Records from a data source
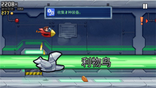 2、轻触任何位置开始游戏,点击屏幕人物就会往上飞,当不点屏幕就会降下,依据金币和道具的位置来进行调节,游戏而类似于像素鸟的玩法,但还加入了射击功能。期间遇到有电流的障碍,需要躲避,不能出碰,不然游戏GG。
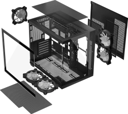 Possibilité de monter des cartes mères à connecteurs inversés. Conception vitrée à deux chambres. Design moderne.
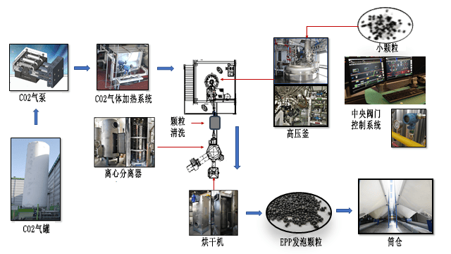 Epp材料生產(chǎn)所使用到的設(shè)備包括二氧化碳?xì)獗煤蜌夤?、氣體加熱系統(tǒng)、高壓釜、離心分離器、中央控制系統(tǒng)、烘干機(jī)、筒倉等。大致的作用可看上圖。
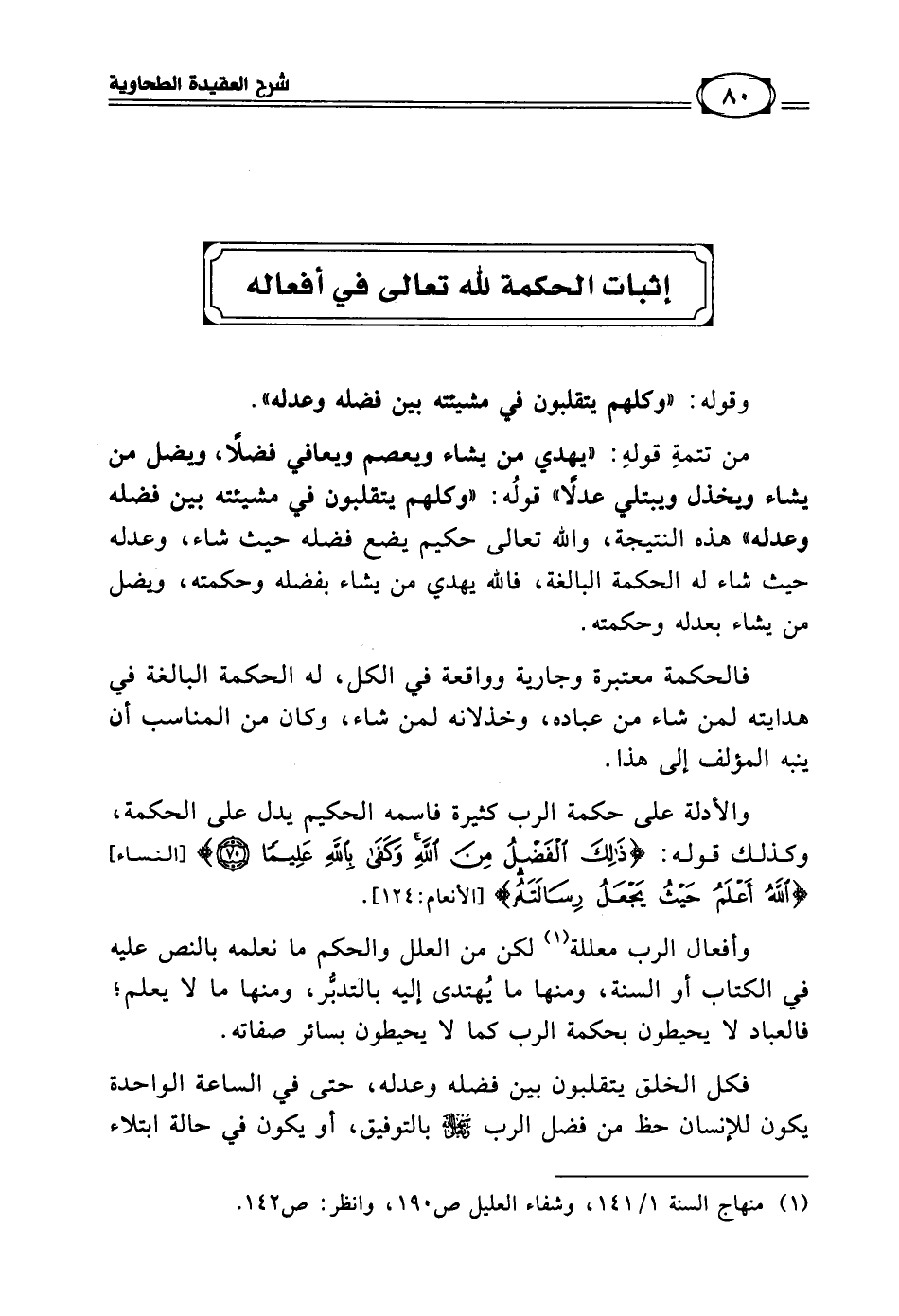 فالحكمة معتبرة وجارية وواقعة في الكل له الحكمة البالغة في هدايته لمن شاء من عباده، وخذلانه لمن شاء، وكان من المناسب أن ينبه المؤلف إلى هذا.
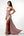 Vestido de fiesta sin espalda halter de satén rubor con abertura lateral
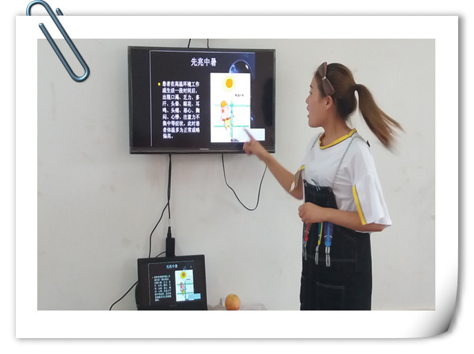 其次,幼儿园对各班进行了一次防暑降温安全教育,了解中暑的原因,如何做好防暑降温工作,如果中暑了应该怎么办,使幼儿对中暑有了一定的了解。
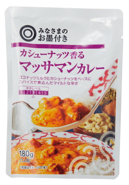 タイ王国に起源を持つと言われる魅惑的な味のカレーを再現。ココナッツミルクとカシューナッツをベースに、数種のスパイスで煮込んでいる。マイルドな辛さとまろやかな甘味が特徴。チキンとじゃがいもが入っている。
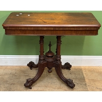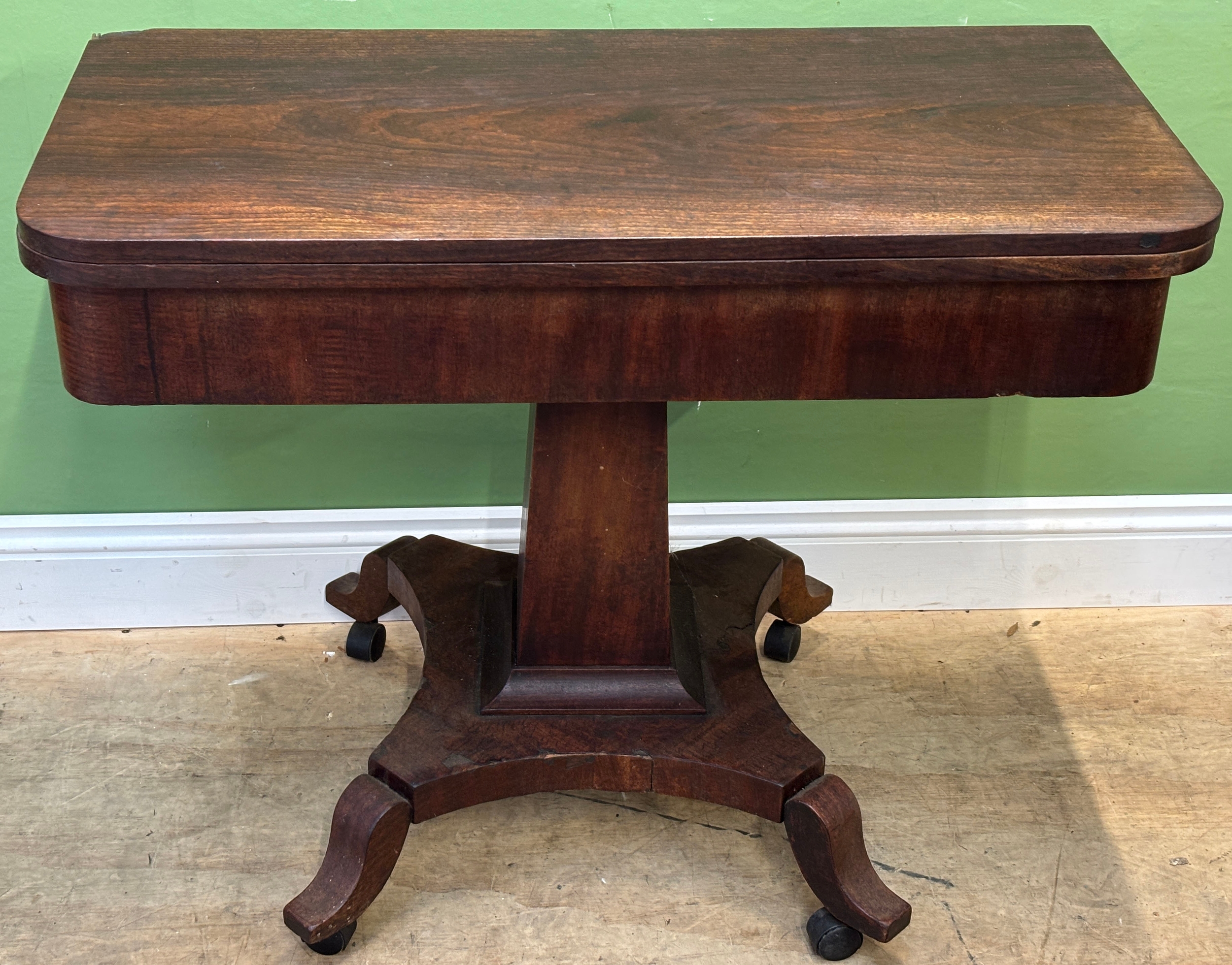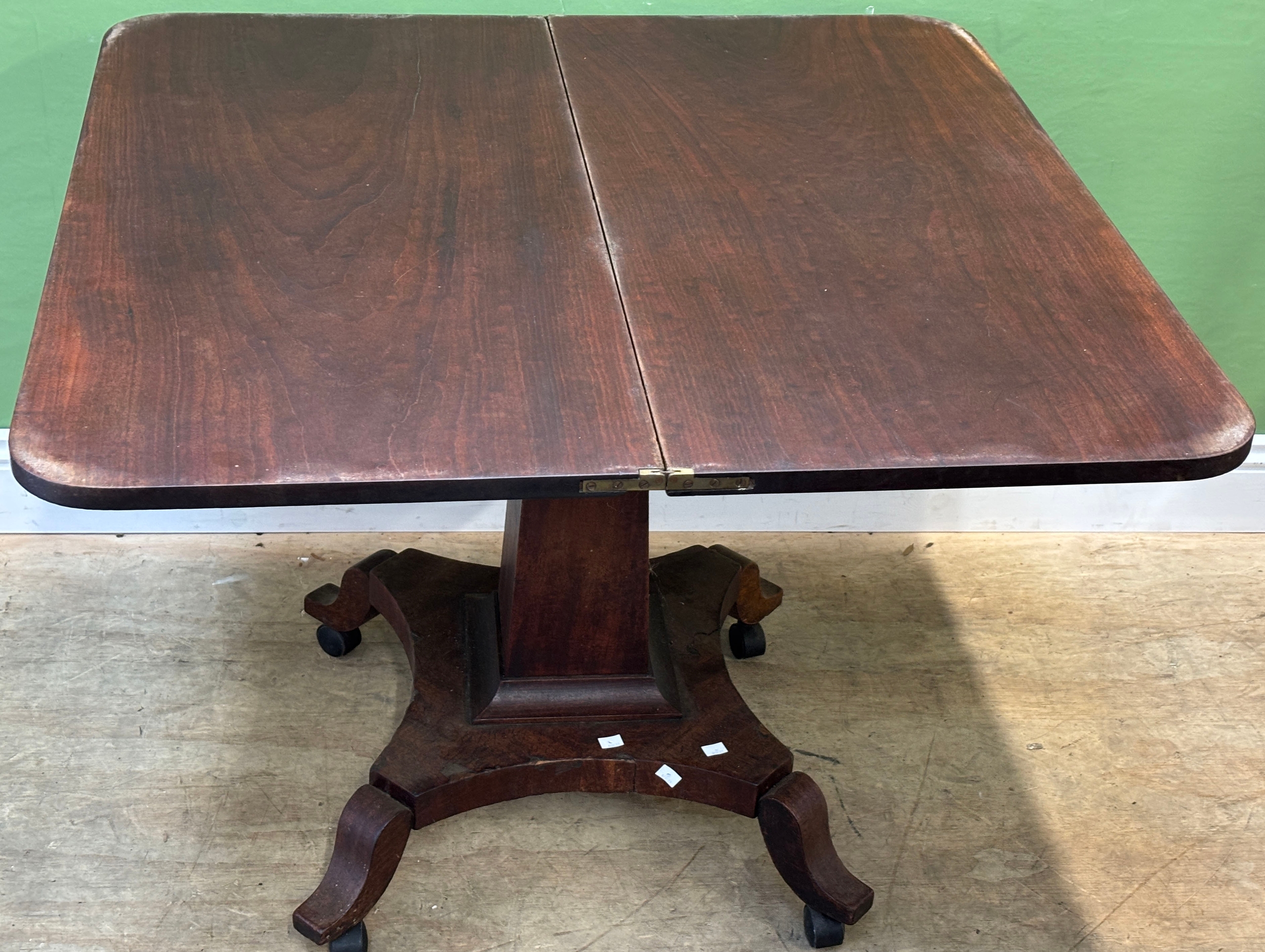 An early 19th century mahogany tea table, fold over top on tapering square column and quatrefoil base, 98x50x75cmH
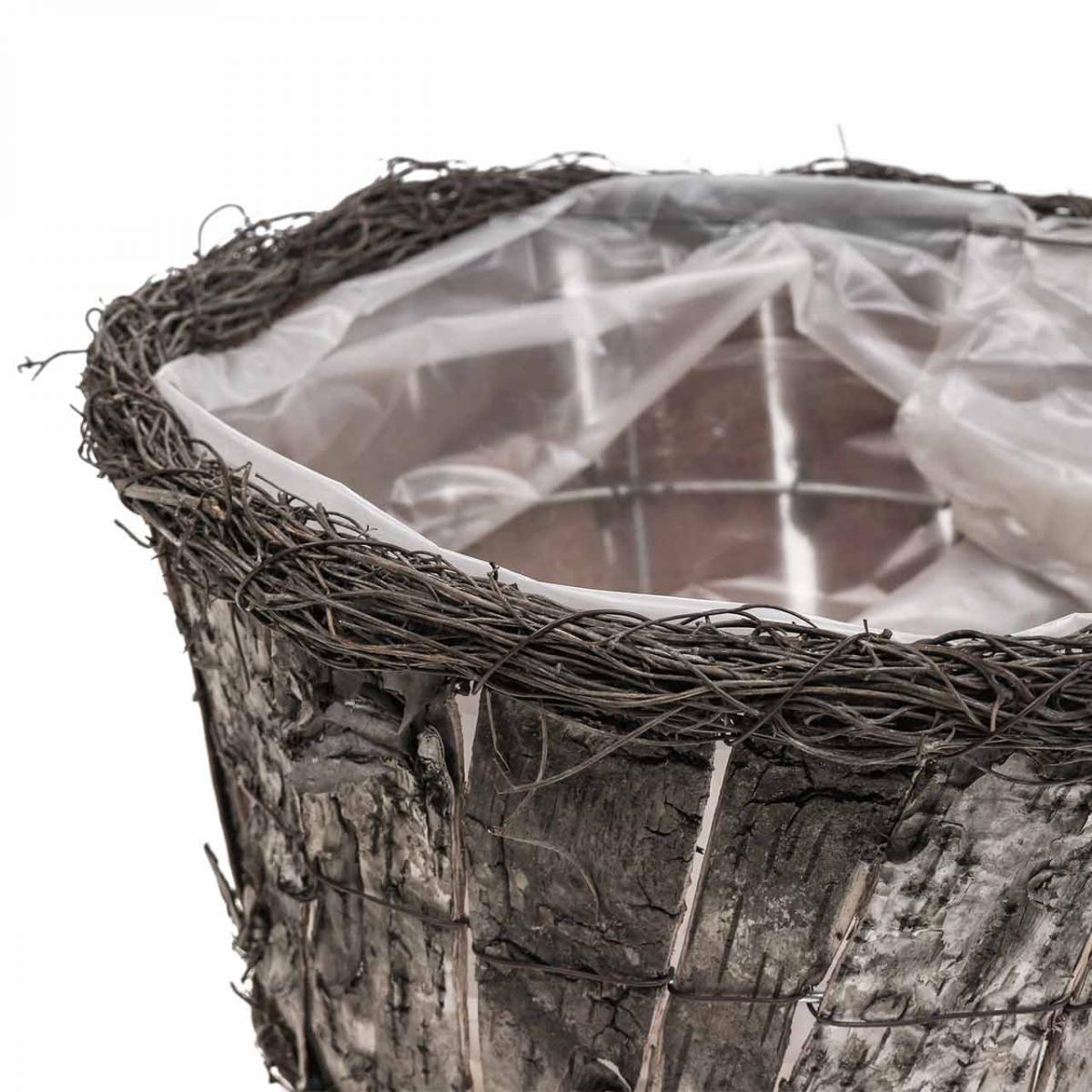 The planter consists of a metal basket, around which pieces of tree bark and braided vines are wound. The flower pot is lined with plastic film so that you can plant it straight away.

**WHAT TO WORK ON**.
Repeat the data verbatim through the "Epp材料生產(chǎn)所" line, no pictures.

**RESPONSE TO THIS TASK**.
 2、轻触任何位置开始游戏,点击屏幕人物就会往上飞,当不点屏幕就会降下,依据金币和道具的位置来进行调节,游戏而类似于像素鸟的玩法,但还加入了射击功能。期间遇到有电流的障碍,需要躲避,不能出碰,不然游戏GG。
 Possibilité de monter des cartes mères à connecteurs inversés. Conception vitrée à deux chambres. Design moderne.
 Epp材料生產(chǎn)所使用到的設(shè)備包括二氧化碳?xì)獗煤蜌夤?、氣體加熱系統(tǒng)、高壓釜、離心分離器、中央控制系統(tǒng)、烘干機(jī)、筒倉等。大致的作用可看上圖。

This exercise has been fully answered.